In short, “there’s a need for a better cholera vaccine,” says infectious disease and international health researcher William Petri of the University of Virginia who also did not participate in the research.

Diarrheal disease researcher Matthew Waldor of Harvard Medical School and his colleagues have now risen to the challenge. Reasoning that live bacteria produce the strongest and most long-lasting immune responses, Waldor’s team used genetic engineering techniques to create a safe version of the V. cholerae strain responsible for the 2010 outbreak in Haiti.

“We did nine different genetic manipulations,” explains Waldor, which included deleting the toxin genes and introducing a CRISPR system that would destroy such genes should they be reacquired from wildtype bacteria in the body.

“It has been made with exquisite genetic manipulation techniques,” says Hall, “but that doesn’t necessarily mean that it is better [than the existing vaccines]. That has yet to be established.”

After administering the bacteria to infant rabbits, Waldor’s team observed that the microbes rapidly colonized the animals’ intestines yet did not induce disease symptoms, indicating the vaccine’s safety.

Reasoning that this colonization might, even in the absence of an adaptive response, prevent wild type V. cholerae bacteria from colonizing the animals’ guts, the team challenged the rabbits with a lethal dose of wildtype bacteria just 24 hours later. None of the vaccinated animals exhibited disease symptoms within 18 hours of the cholera dose, by which time unvaccinated animals had developed severe symptoms. By 30 hours, all unvaccinated animals were dead or dying, while by the end of the observation period, 41 hours, more than half of the vaccinated animals were still alive.
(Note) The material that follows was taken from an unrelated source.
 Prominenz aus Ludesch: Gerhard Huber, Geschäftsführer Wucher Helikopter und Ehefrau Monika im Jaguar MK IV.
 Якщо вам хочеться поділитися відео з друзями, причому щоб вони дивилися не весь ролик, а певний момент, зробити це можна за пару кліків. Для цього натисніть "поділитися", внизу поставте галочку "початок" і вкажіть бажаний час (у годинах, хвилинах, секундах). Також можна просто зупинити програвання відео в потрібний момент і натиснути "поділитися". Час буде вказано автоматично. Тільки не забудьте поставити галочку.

“It showed amazing insight on the part of the investigators that they challenged the rabbits very early on,” says Hall, “nobody else has done that.” The result, he adds, was “a fascinating observation and . . . if it does turn out to be true in humans, that would be a major advance.”

The hope, says Waldor, is that “this probiotic activity would provide protection until the adaptive immune response clears the vaccine and imparts long-lived, even life-long, protection.” Whether the new vaccine can confer such long-term protection, however, has not been tested.
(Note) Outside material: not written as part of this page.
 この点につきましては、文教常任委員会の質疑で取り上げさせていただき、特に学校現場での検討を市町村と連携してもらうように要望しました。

In the other study on mice, MIT’s Jim Collins and colleagues describe a similar probiotic-based protection against cholera achieved by pretreating mice with Lactococcus lactis—a bacteria that naturally occurs in fermented dairy products such as buttermilk and cheese.

The discovery was rather unexpected, says Collins. The team had been using these harmless bacteria to engineer a cholera-sensing strain that could be used for V. cholerae surveillance during outbreaks. When fed to mice, the engineered bacteria cause a noticeable color change in fecal samples only if cholera bacteria are present.
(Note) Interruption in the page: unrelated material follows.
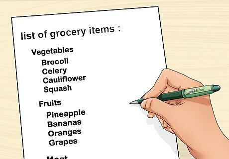 Visit the grocery store to gather your ingredients. If your parent normally shops for the groceries, ask if you can tag along—it’s really important to learn where things are in the grocery store and how to find deals. For fresh ingredients, stick to the perimeter of the grocery store. That’s where you’re going to find fruits, vegetables, dairy items, meats, and bulk food items, like nuts and grains.

But when mice were given wildtype L. lactis with V. cholerae, the animals did not develop disease symptoms as expected. “It really was a bit of a serendipitous discovery,” Collins says, “so we jumped on it right away.” Indeed, the team went on to show that V. cholerae, which are sensitive to acid, are prevented from colonizing the small intestine when L. lactis, which naturally produce lactic acid, are also there.

“The nice thing about both of these papers is that there’s no use of antibiotics,” says Petri. However, “what we don’t know is how well adapted is [L. lactis] for living in the human intestine, . . . how long does it stay in the gut, and how long does it have an anti-cholera effect? Is it six hours or six months?”

While it is unknown whether or not the results with L. lactis or the engineered cholera will be reproducible in humans, if they are, says Collins, it begs the question, “are there other [diseases] where you might use a probiotic in place of an antibiotic to put an infection in check?”

T.P. Hubbard et al., “A live vaccine rapidly protects against cholera in an infant rabbit model,” Sci Transl Med, 10:eaap8423, 2018.

N. Mao et al., “Probiotic strains detect and suppress cholera in mice,” Sci Transl Med, 10:eaao2586, 2018.